Do you prioritize your customer queries?

16.11.06 01:39 PM By S.Swaminathan

Read this nice article in NY Times today. It highlights how there must be a service level priority and understanding, amongst employees to treat customers and their requests. Many a times, I feel the inability to understand this, leads to service dissatisfaction in organizations. The intent might be there with the employee but some times urgency & initiative will make a big difference in the customer's mind about how the company addresses her/his problem. There has to be right balance between ideal( solution) vs immediate action. May be 'sensitizing' this difference to employees will help. Take a look:

For service businesses, “customers aren’t simply the open wallet at the end of an efficient supply chain,” writes Frances X. Frei, a Harvard Business School professor. “They’re directly involved in operations. The fact that they introduce tremendous variability, but complain about any lack of consistency, is an everyday reality.”
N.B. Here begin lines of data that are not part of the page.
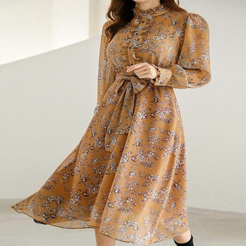[셀러허브_여성트랜드패션]ONM 패턴 원피스 플라워 프릴 긴팔 쉬폰 봄가을 롱스
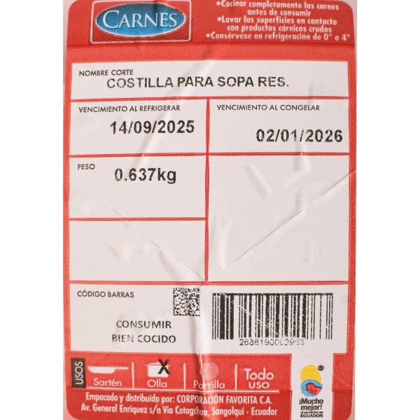 Corte de carne ideal para preparar en sopa, son de alta calidad, jugoso y delicioso
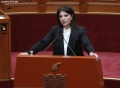 Deputetja Zegjine Caushi duke folur ne nje moment tensioni gjate nje seance parlamentare. Gjate seances, ka pasur debate dhe tension midis perfaqesuesve te mazhorances dhe opozites.
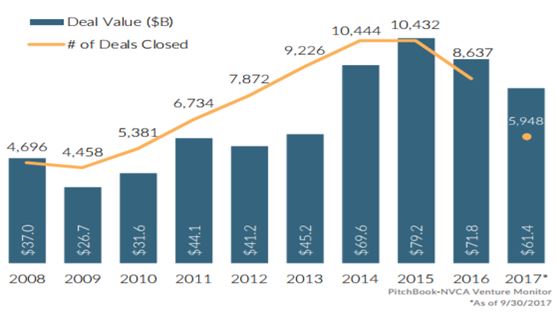根據PitchBook-NVCA Venture Monitor報告,指出美國創投產業投資的金額為614億美元,若按此速度,2017年美國創投投資金額將有望突破2015年高點,刷新紀錄。不過,投資件數則是連續二年下滑。
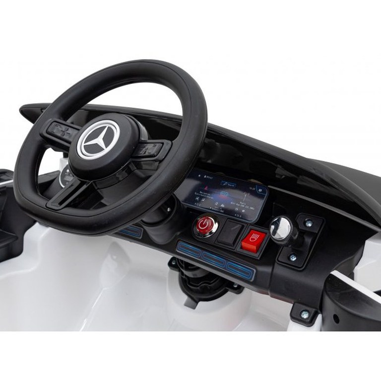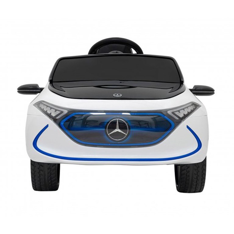 Masinuta electrica pentru copii Mercedes Benz AMG EQA alb 70W cu telecomanda, sunete, suspensii, lumini, scaun piele si roti din spuma Eva
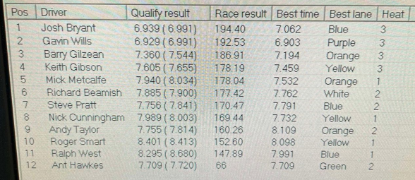 We finished just after 5, having targeted 5pm but expecting two heats not three so a huge thanks to everyone who kept the day running and enjoyable.
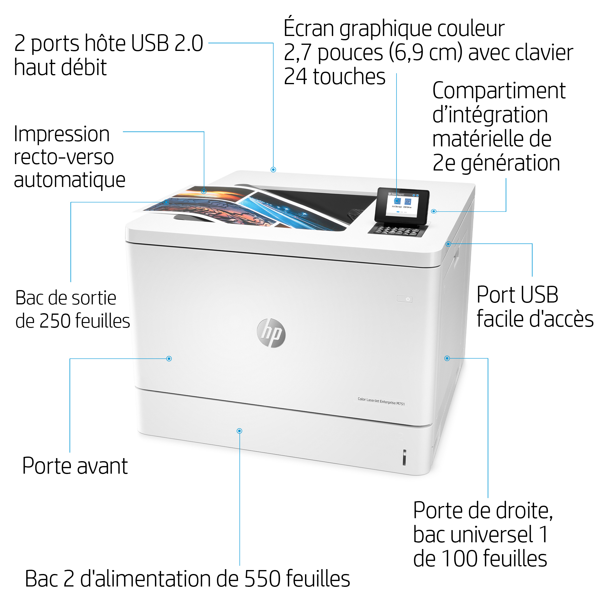 HP Color LaserJet Enterprise LaserJet Enterprise M751dn Couleur Imprimante, Ethernet uniquement; Recto verso, Laser, Couleur, 1200 x 1200 DPI, A3, 41 ppm, Impression recto-verso
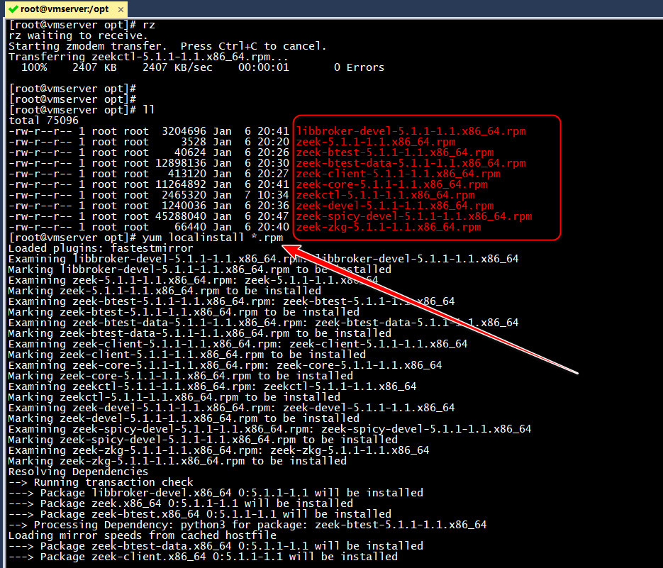 由于网速问题,我这边手动提前下载好zeek相关的rpm依赖包
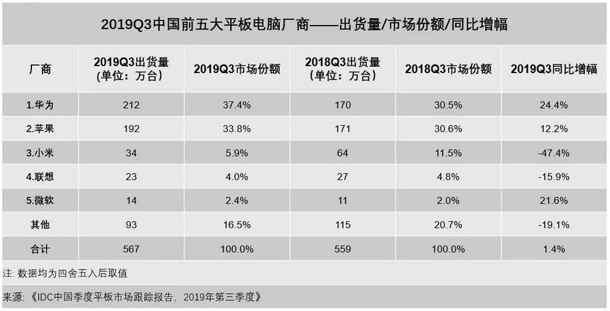 平板电脑也拿下!华为三季度在华出货量首超苹果
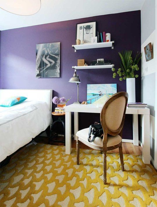 Mov si galben intr-o combinatie interesanta pentru un dormitor
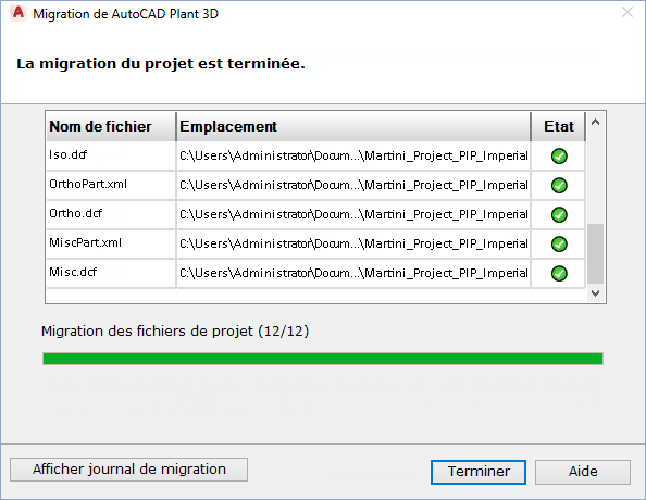 La migration peut prendre du temps, selon la taille du projet et le nombre de dessins associés. Le tableau de progression de la migration rend compte de la réussite ou de l'échec de la migration des fichiers et indique la progression de la migration. Une fois tous les fichiers migrés, le projet s'ouvre dans AutoCAD Plant 3D toolset.
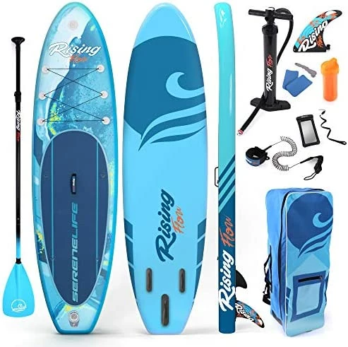 After a lot of research selected the SereneLife because it is one of the lightest weight boards in the segment as well as value for the money. I have surfed nearly my entire life, but since moving away from the beach needed an activity in the nearby lakes. It appears that they have addressed consumers previous concerns of skegs peeling away with reinforced grommets & glue and packaged with a cellophane wrap on top of the board so the the design is not transferred to other parts of the board. The dual action pump, all be it a little big and clumsy, does the job nicely, The carrying bag is a larger size, so no need to wrap the board tight light a sleeping bag when packing. For future development, would like to see a pocket to put the large skeg in and a more robust pad for the shoulder and handle straps. I am 6ft, 240lbs and it is able to support me easily without fail. Overall, I am very happy with my purchase.

....writing in the Harvard Business Review, Ms. Frei says the strategy does not have to be as blunt as either/or.

She argues that there are five distinct parts of any service transaction: When the customer arrives; makes a request of some kind; participates in the interaction (describes the symptoms to a physician, for example); decides how much to participate in the transaction (“an internal accountant may or may not take care to hand over well-organized files to her company’s independent auditor”); and judges how well she or he has been treated.

At each point, a company can choose to offer four levels of care, with fabulous service on the one end and self-service on the other, Ms. Frei writes. The secret to maximizing profit, she writes, is to choose the right level of service at each of the five points, recognizing that you may be able to vary it at each one.